In-N-Out Burger Plans 35 More Tennessee Locations

Photo by Jon Lanzieri on Unsplash

In-N-Out Burger Plans 35 More Tennessee Locations

February 9, 2025

In-N-Out Burger seems to be inching closer and closer to the East Coast, as the SoCal favorite recently announced its plans to open 35 more locations in Tennessee.

According to the Nashville Business Journal, the main reason for the impressive expansion is that the company’s heiress owner, Lynsi Snyder, “fell in love” with Tennessee, which she admitted at the Feb. 4 Nashville Business Breakfast, hosted by Lipscomb University and the Business Journal.

Despite insisting that she would never bring In-N-Out this far east, the restaurant will make its Tennessee premiere later this year with its Franklin location.
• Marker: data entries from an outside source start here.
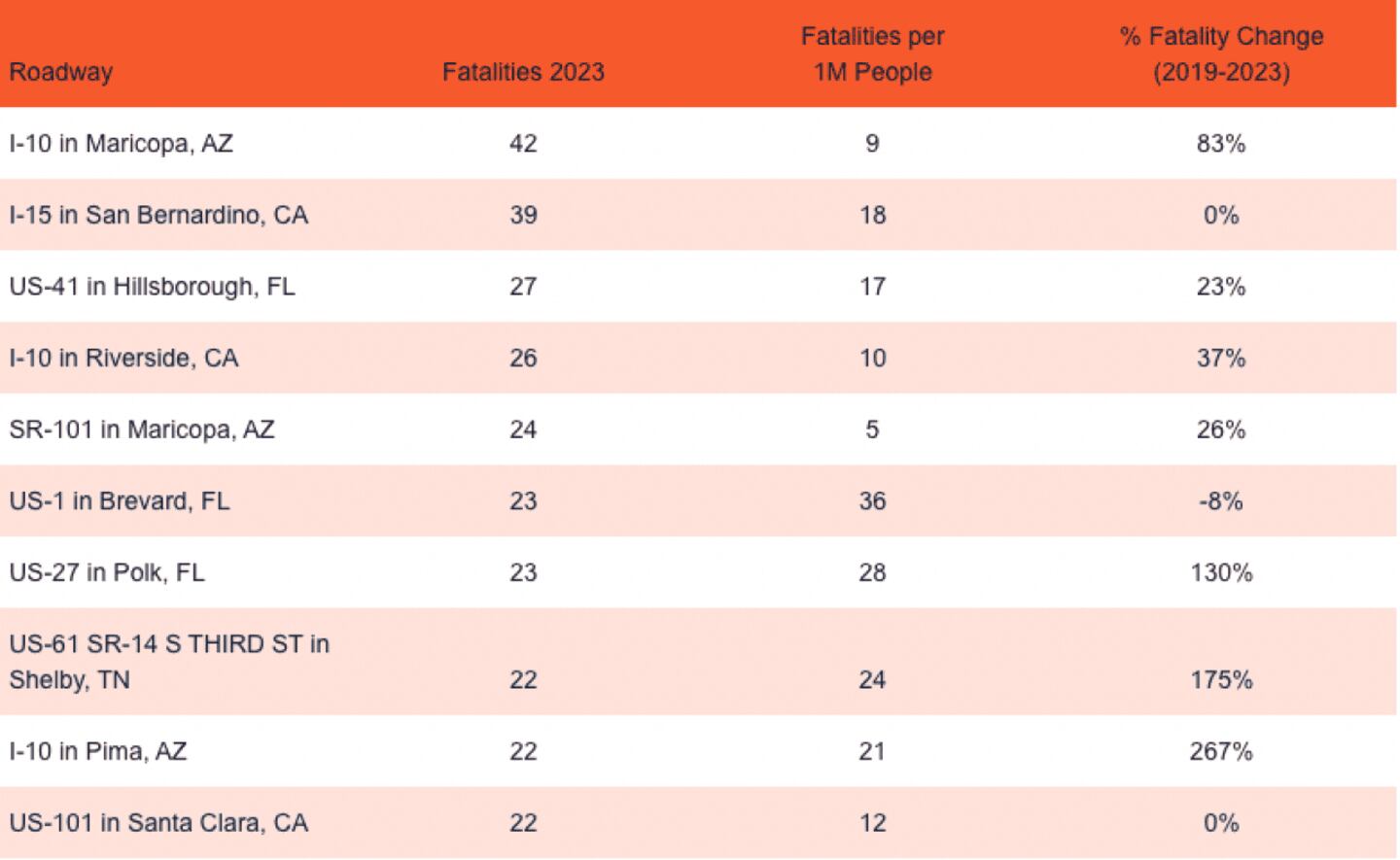 While the most dangerous roads are in large urban areas, there is little correlation between a county’s size and the number of road fatalities—indicating that road design and driving habits are important factors.
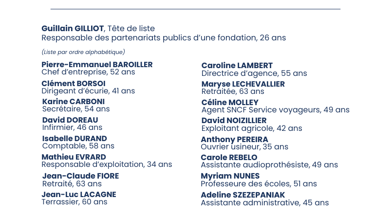 Cette liste ne repose pas sur une addition d’hommes et de femmes sans vision commune, mais sur un esprit fédérateur, fidèle à l’identité de Marmagne. Elle est prête à agir concrètement pour le quotidien des habitants, à être à leur écoute et à se mettre pleinement à leur service.
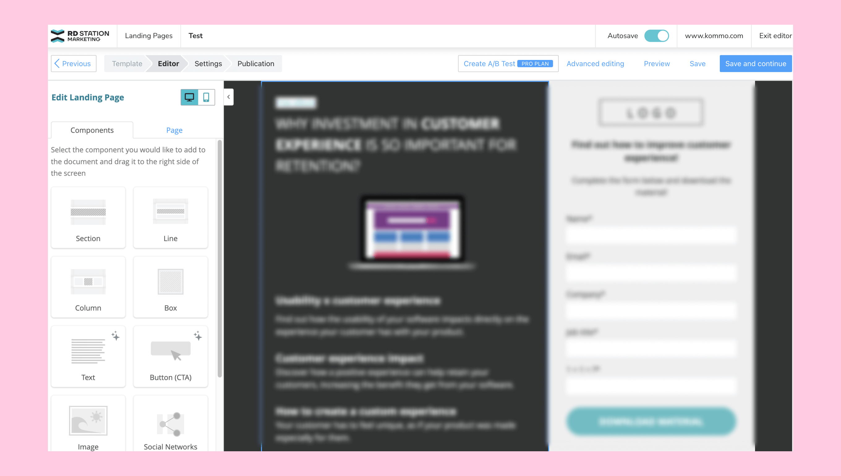 1. In the editor, update the text, add components from the left menu, and click Save and Continue when done.
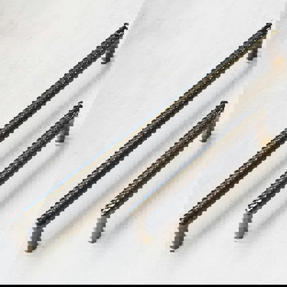 A duo of striking, knurled, D-shape handles. These handles have a textured, knurled, central bar section, with gently squared, polished ends. The gunmetal grey colour runs across all sections of the handles, but has a more polished finish at the ends. A unique style of handle sure to provide a statement finish. Ideal for kitchen cupboards and drawers, but equally for sprucing up furniture around the home.
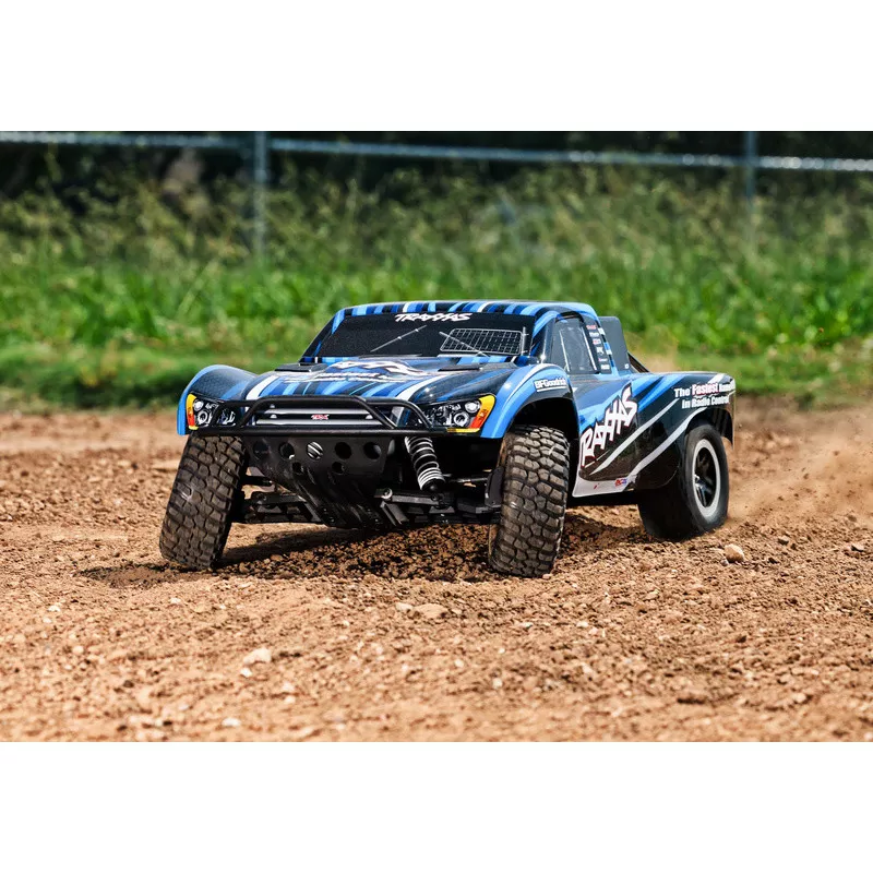 Traxxas Slash to model samochodu RC w skali 1:10 z napędem 2WD, który porusza się z prędkością do 30 mil na godzinę. Jest w pełni zmontowany i gotowy do jazdy od razu po wyjęciu z pudełka. Napędzany jest mocnym silnikiem Titan 550 12T DC z regulatorem XL-5. Prosty zestaw RC Traxxas TQ 2,4 GHz zapewnia precyzyjną mechanikę zapewniającą precyzyjną kontrolę. Zawiera akumulator NiMH i nowoczesną ładowarkę USB-C zapewniającą bezpieczną i bezproblemową pracę. Nowością w modelu jest zatrzaskowy system mocowania nadwozia ułatwiający wymianę akumulatora oraz fabrycznie montowane elementy zawieszenia Extreme Heavy Duty zapewniające wysoką trwałość.
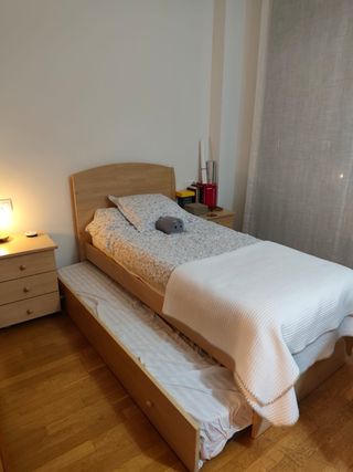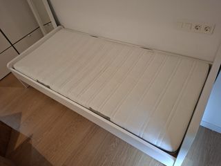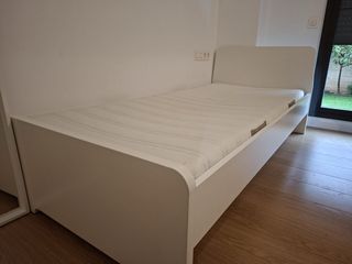 Cama nido de IKEA modelo Slakt. Incluye un colchón de una plaza y un colchón adicional extraíble. - Estructura de madera. - Cama nido con 2 cajones. - Acabado en color blanco. - Muy cuidada - Los 2 colchones estan en buen estado. Se incluyen en el precio. - El colchón principal es de muelles ensacados modelo IKEA Hovag - Todas las medidas en foto - Se entrega armada a pie de calle
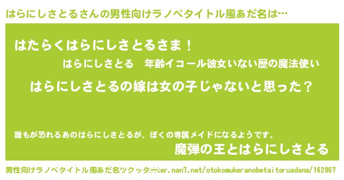 | 女子向けラノベタイトル風あだ名 | 『はらにしさとる様がみてる』 |
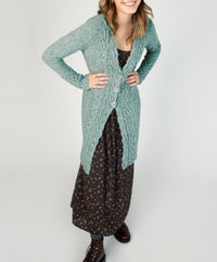 As part of our Archive Collection the 'Horseshoe' cable coat is a classic v neck, long shaped slim fitting cardigan, consisting of a soft horseshoe cable pattern with trellis stitch detailing on the sleeves, its shape is both flattering and comfortable. It has large seashell buttons that add feminine detailing.
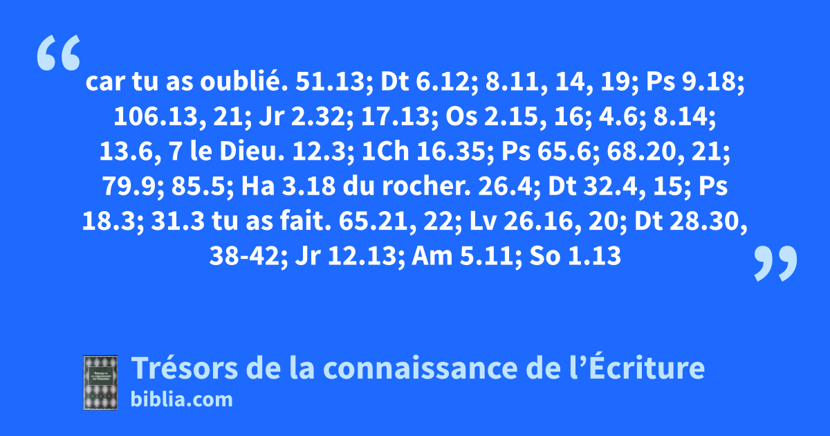 car tu as oublié. 51.13; Dt 6.12; 8.11, 14, 19; Ps 9.18; 106.13, 21; Jr 2.32; 17.13; Os 2.15, 16; 4.6; 8.14; 13.6, 7 le Dieu. 12.3; 1Ch 16.35; Ps 65.6; 68.20, 21; 79.9; 85.5; Ha 3.18 du rocher. 26.4; Dt 32.4, 15; Ps 18.3; 31.3 tu as fait. 65.21, 22; Lv 26.16, 20; Dt 28.30, 38-42; Jr 12.13; Am 5.11; So 1.13

At the same time, its corporate “eastern headquarters” are also being built in Williamson County.

“[My husband] just started talking about Tennessee, and then God started working on my heart. I started bringing it to the office, ‘I think we’re supposed to go to Tennessee,’” Snyder-Ellingson said during the event. “It was really just a God thing. And then of course the more I’ve come here, I’ve fallen in love with really the whole state, but there’s something very quaint about especially the Franklin area.”

Franklin, Goodlettsville, Antioch, and Lebanon have all been identified as Nashville-area sites.

According to Snyder, each In-N-Out Burger store employs an average of 100 workers, which means the eateries may create 3,500 jobs in Tennessee alone. The Franklin office, which will cost $126 million and span over 100,000 square feet, will employ approximately 200 people when it opens in 2026. She said the organization is still deciding which positions to hire for.

In-N-Out Burger Is Privately Owned, Not Franchised

Unlike other fast-food restaurants, In-N-Out Burger is not franchised. Instead, it is a privately owned company.

PopCrush says the fast-food business has 400 stores in California, Nevada, Arizona, Utah, Idaho, Texas, Oregon, Colorado, New Mexico, and Washington.

This is not a franchise, like most fast-food restaurants; it is privately owned. Furthermore, it uses food that is always fresh and never frozen, and it exercises extreme vigilance to avoid overspending while keeping costs lower than competitors.

Because In-N-Out Burger does not pre-package, freeze, or microwave its food, a plant that produces hamburger patties or a place to open one must be within 300 miles of the restaurant.